(What this task involves): Look below for the line that has "Home Outfitters 2'"; output exactly from it through the line that has "Сегодня мой профессор", and leave the pictures out.

(Listed entries):
»»

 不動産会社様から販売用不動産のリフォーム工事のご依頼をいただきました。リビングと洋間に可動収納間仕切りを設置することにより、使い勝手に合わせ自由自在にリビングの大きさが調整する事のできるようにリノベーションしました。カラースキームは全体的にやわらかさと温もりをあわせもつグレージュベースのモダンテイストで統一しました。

««
»»

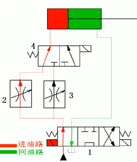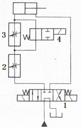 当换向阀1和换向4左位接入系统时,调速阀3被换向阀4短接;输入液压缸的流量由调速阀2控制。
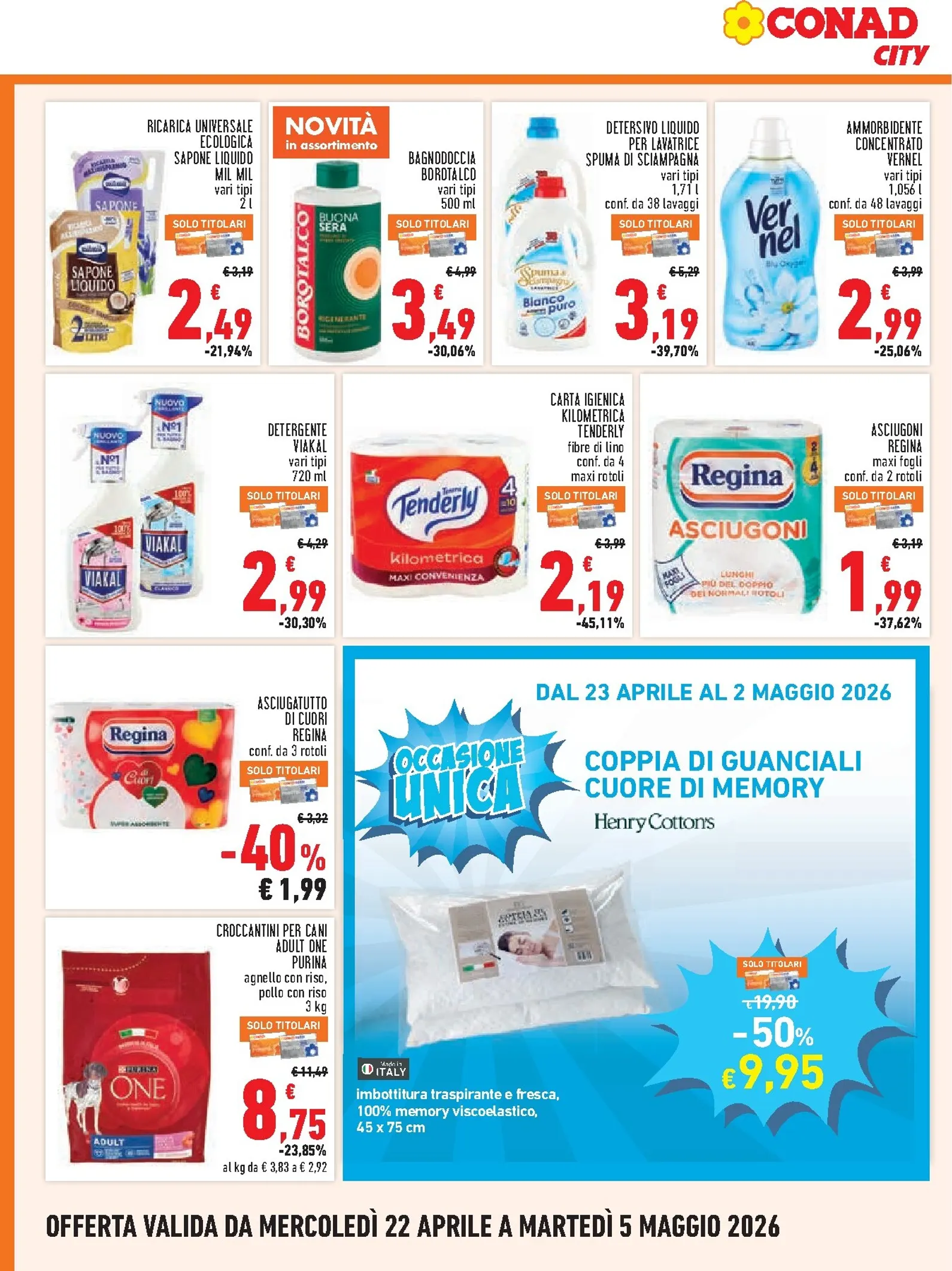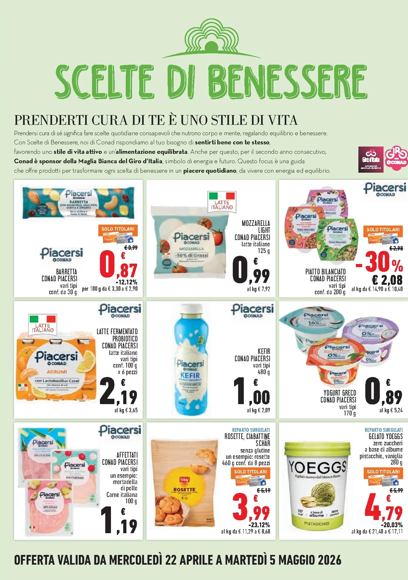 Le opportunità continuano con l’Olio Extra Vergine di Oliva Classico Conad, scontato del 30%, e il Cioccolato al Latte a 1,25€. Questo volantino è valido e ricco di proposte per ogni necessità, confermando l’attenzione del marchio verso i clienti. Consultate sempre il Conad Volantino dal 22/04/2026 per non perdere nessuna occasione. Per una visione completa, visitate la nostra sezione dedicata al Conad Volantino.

««
»»

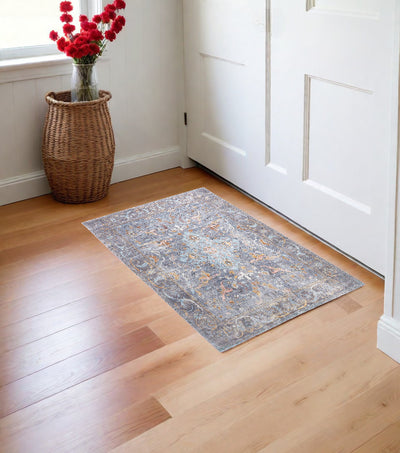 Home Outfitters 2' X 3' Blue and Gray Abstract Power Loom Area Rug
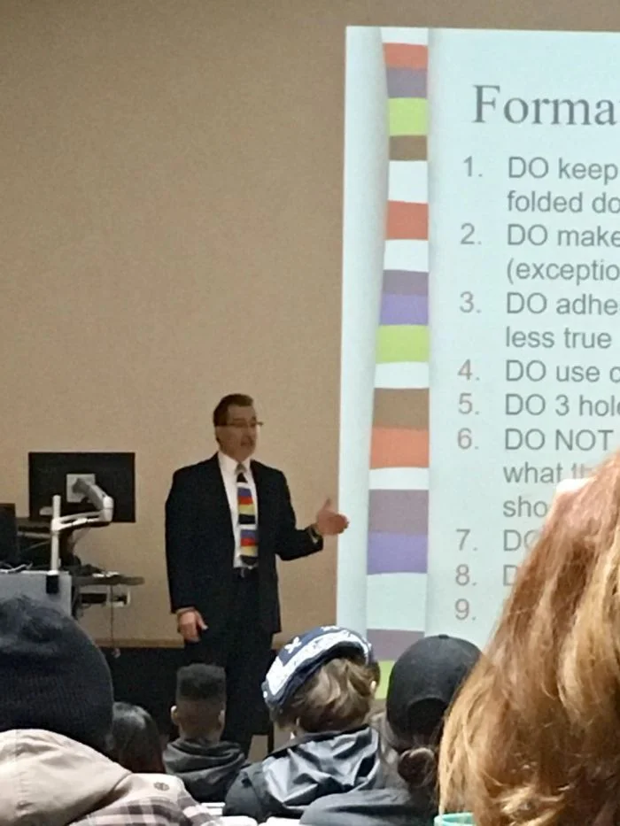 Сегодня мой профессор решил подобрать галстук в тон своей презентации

««

(Response to the task):
 Home Outfitters 2' X 3' Blue and Gray Abstract Power Loom Area Rug
 Сегодня мой профессор решил подобрать галстук в тон своей презентации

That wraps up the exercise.